In the listing that follows, print every line exactly and leave the images out.
[Records supplied — start]
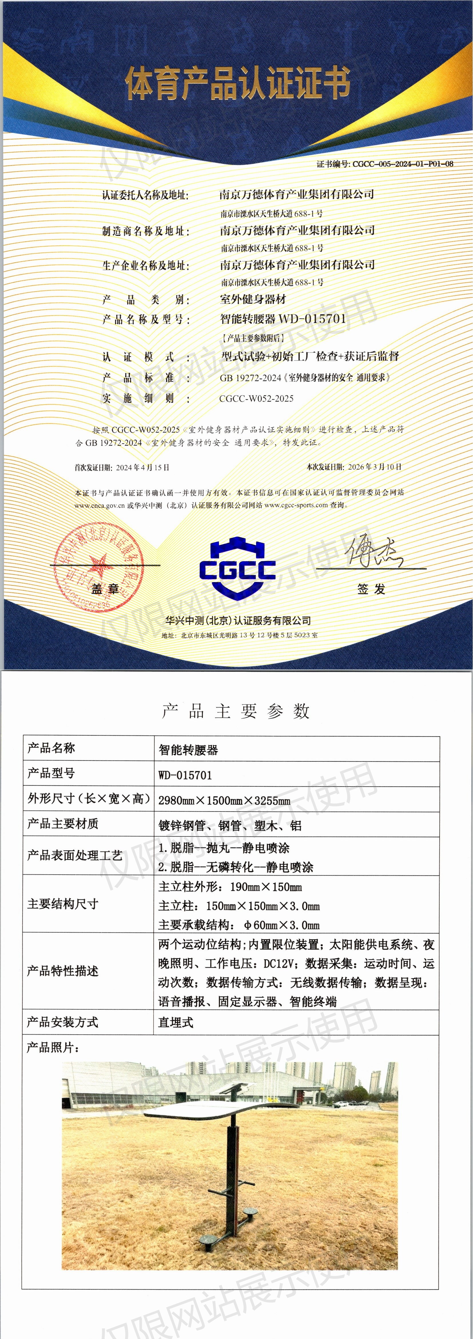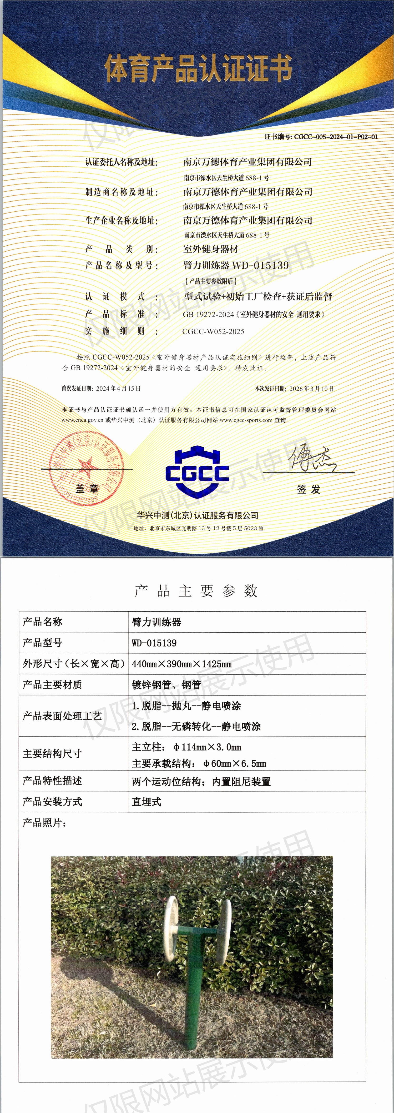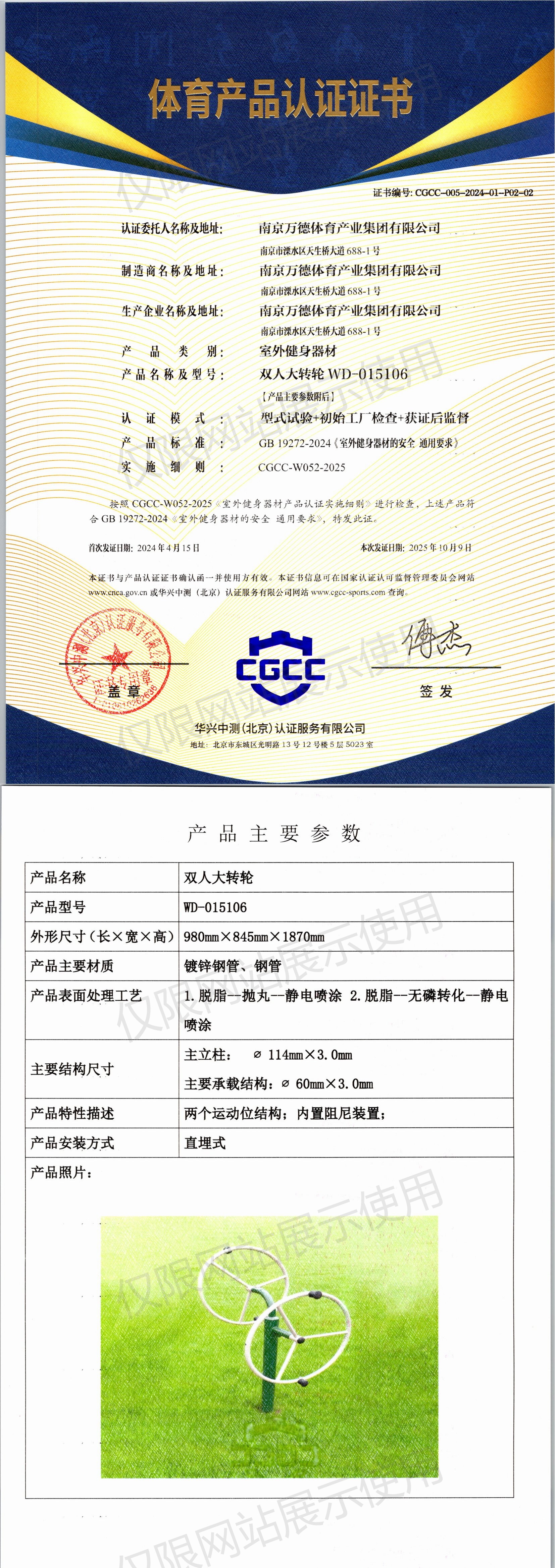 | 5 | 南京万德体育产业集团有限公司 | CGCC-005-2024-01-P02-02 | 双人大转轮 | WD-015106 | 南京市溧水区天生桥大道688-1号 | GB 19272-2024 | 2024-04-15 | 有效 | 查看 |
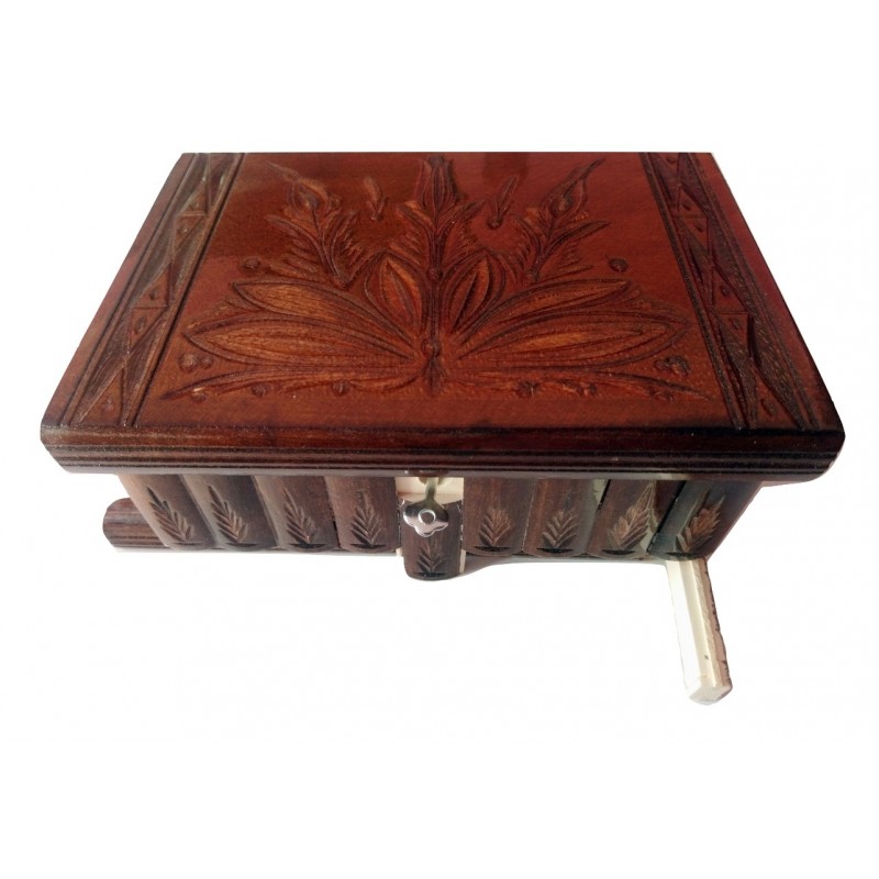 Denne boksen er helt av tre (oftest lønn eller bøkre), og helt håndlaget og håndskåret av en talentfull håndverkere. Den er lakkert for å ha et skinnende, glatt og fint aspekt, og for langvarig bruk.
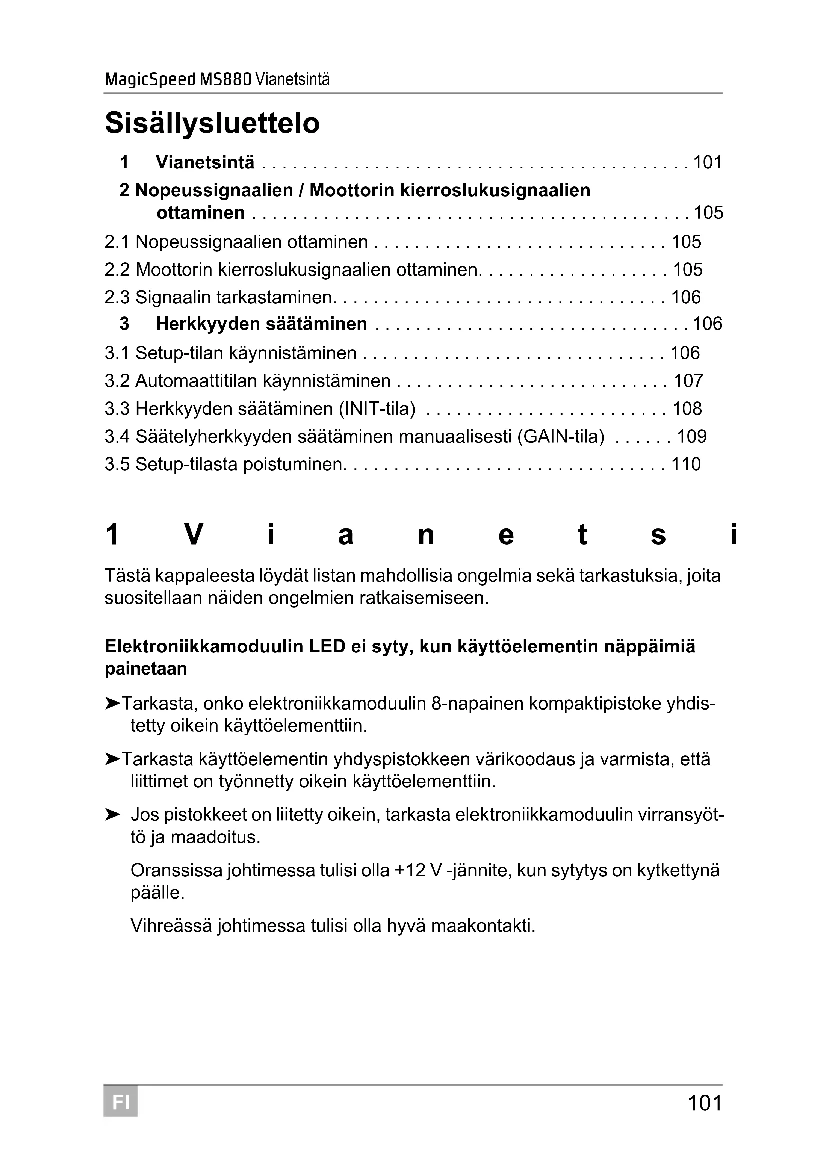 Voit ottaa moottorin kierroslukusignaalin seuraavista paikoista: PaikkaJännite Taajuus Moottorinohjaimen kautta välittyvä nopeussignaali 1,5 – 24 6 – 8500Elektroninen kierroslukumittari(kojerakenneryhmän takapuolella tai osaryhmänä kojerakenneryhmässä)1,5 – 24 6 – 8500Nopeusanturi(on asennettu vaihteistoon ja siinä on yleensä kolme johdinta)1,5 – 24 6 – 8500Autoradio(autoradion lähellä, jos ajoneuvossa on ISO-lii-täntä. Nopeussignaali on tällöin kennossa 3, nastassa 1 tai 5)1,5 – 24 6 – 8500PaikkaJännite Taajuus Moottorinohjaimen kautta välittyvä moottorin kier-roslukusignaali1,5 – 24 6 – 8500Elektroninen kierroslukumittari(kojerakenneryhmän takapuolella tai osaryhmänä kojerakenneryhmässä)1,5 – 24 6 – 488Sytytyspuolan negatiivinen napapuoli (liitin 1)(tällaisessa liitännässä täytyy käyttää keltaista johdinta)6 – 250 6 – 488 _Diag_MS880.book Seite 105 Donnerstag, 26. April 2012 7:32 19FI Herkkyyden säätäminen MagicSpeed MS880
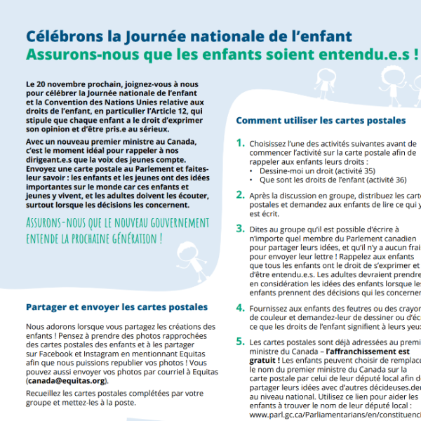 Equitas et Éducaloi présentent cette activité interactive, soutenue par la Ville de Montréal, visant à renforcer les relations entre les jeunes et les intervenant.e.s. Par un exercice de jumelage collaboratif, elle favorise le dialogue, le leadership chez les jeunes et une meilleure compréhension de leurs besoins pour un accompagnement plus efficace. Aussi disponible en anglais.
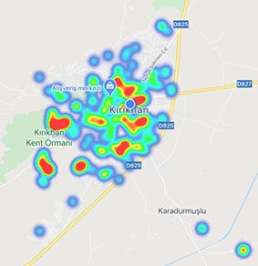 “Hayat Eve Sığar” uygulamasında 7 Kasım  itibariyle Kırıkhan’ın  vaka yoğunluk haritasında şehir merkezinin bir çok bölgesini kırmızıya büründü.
[Records supplied — finish]
[Answer section]
 | 5 | 南京万德体育产业集团有限公司 | CGCC-005-2024-01-P02-02 | 双人大转轮 | WD-015106 | 南京市溧水区天生桥大道688-1号 | GB 19272-2024 | 2024-04-15 | 有效 | 查看 |
 Denne boksen er helt av tre (oftest lønn eller bøkre), og helt håndlaget og håndskåret av en talentfull håndverkere. Den er lakkert for å ha et skinnende, glatt og fint aspekt, og for langvarig bruk.
 Voit ottaa moottorin kierroslukusignaalin seuraavista paikoista: PaikkaJännite Taajuus Moottorinohjaimen kautta välittyvä nopeussignaali 1,5 – 24 6 – 8500Elektroninen kierroslukumittari(kojerakenneryhmän takapuolella tai osaryhmänä kojerakenneryhmässä)1,5 – 24 6 – 8500Nopeusanturi(on asennettu vaihteistoon ja siinä on yleensä kolme johdinta)1,5 – 24 6 – 8500Autoradio(autoradion lähellä, jos ajoneuvossa on ISO-lii-täntä. Nopeussignaali on tällöin kennossa 3, nastassa 1 tai 5)1,5 – 24 6 – 8500PaikkaJännite Taajuus Moottorinohjaimen kautta välittyvä moottorin kier-roslukusignaali1,5 – 24 6 – 8500Elektroninen kierroslukumittari(kojerakenneryhmän takapuolella tai osaryhmänä kojerakenneryhmässä)1,5 – 24 6 – 488Sytytyspuolan negatiivinen napapuoli (liitin 1)(tällaisessa liitännässä täytyy käyttää keltaista johdinta)6 – 250 6 – 488 _Diag_MS880.book Seite 105 Donnerstag, 26. April 2012 7:32 19FI Herkkyyden säätäminen MagicSpeed MS880
 Equitas et Éducaloi présentent cette activité interactive, soutenue par la Ville de Montréal, visant à renforcer les relations entre les jeunes et les intervenant.e.s. Par un exercice de jumelage collaboratif, elle favorise le dialogue, le leadership chez les jeunes et une meilleure compréhension de leurs besoins pour un accompagnement plus efficace. Aussi disponible en anglais.
 “Hayat Eve Sığar” uygulamasında 7 Kasım  itibariyle Kırıkhan’ın  vaka yoğunluk haritasında şehir merkezinin bir çok bölgesini kırmızıya büründü.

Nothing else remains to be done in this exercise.